Is there a way to obtain std::fs::OpenOptions form the file object, or do i need to pass it extra?
Or is there a better API type to be used instead of File?


Big question

  • Is the std::fs::File a good type for low-level FFI function?

    • obviously is good for regular file representation
    • can it be used/obtained from e.g. stdout?
  • does impl Write imply ability to cast it to (retrieve from it) file descriptor needed for C FFI end?

  • or is there some type that can adddress both these requirements?

or am i complicating things unnecessarily, and i should just use something like:

enum LibOutput {
  File(std::fs::File),
  StdOutput,
  StdError,
}

and

  • use raw fd magic for File variant only,
  • do stdout/err variants in C's FFI using C macros only, instead of getting correct FD from Rust code all the time

You mentioned you are creating a -sys crate.

As far as I understand such crates are low-level and should map 1:1 to the C API. FILE*’s equivalent in Rust is *mut libc::FILE, I believe.

yes of course, _sys crate is almost 100% automated and already "done" (open for edits as needed of course).

This all above is regarding the "wrapper crate" i am now building above it, and that should not use any FFI level data structures for northbound API, thus my search for something Rusty to map downards to FILE*...

edit: edited my original post intro to make it more clear, sorry for original hidden info

You can't create a C FILE from a Rust io::Read / io::Write, nor the other way around. You especially can't cast FILE * to *mut Write or vice versa. You can't therefore wrap a C API taking FILE * as a Rust equivalent with File or generic writers.

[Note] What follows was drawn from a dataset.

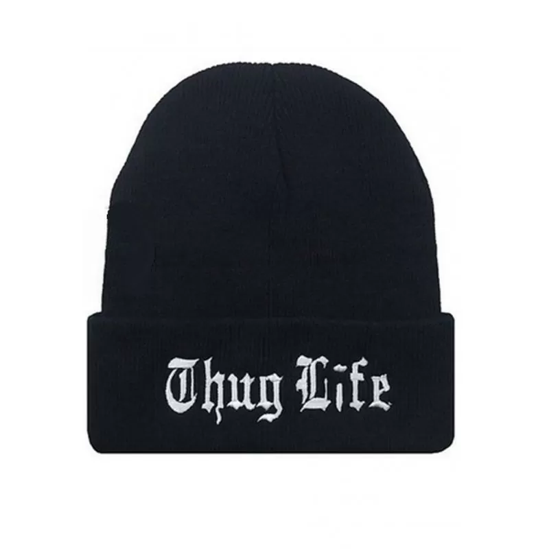 Bonnet Magic custom de couleur noire avec logo ‘THUG LIFE’ brodé en blanc sur le devant du bonnet

(There is one exception, if your operating system allows for creating a FILE * from a memory buffer or from dedicated reader/writer callbacks, then you can hook those up through FFI, but last time I checked, this was not portable at all.)

1 Like

That seems like the most sensible solution to me; especially given the fact that on unix, you have /dev/stdout and /dev/stderr available to easily special case StdOutput and StdError as Files too.


But if you want to keep the fd idea since you also plan on working with sockets and things like that, then use F : AsRawFd. That being said, be very careful with how the instance f: F is managed, w.r.t. ownership.

For instance:

So you either take a &'long_enough F and hope / pray that 'long_enough represents a lifetime that outlives the usage of syscrate (in which case the API will surely need to be unsafe), or you use a callback pattern or ownership + Drop semantics (RAII) to guarantee that:

fn my_lib_wrapper_init (output_stream: impl 'static + AsRawFd)
  -> SysCrate
{
    let output_stream: Box<dyn AsRawFd + 'static> = Box::new(output_stream);
    let fd = output_stream.as_raw_fd();
    unsafe {
        ::sys_crate::mylib_init(libc::fdopen(fd, mode));
        impl Drop for SysCrate {
            fn drop (self: &'_ mut SysCrate)
            {
                unsafe {
                    ::sys_crate::mylib_deinit();
                    // ::libc::fdclose(fd); /* I don't think this is a good idea */
                }
            } // output_stream is dropped, closing the file.
        }
    }
    SysCrate {
        output_stream,
        // …
    }
}
2 Likes

Thank you all for responses and clarifications.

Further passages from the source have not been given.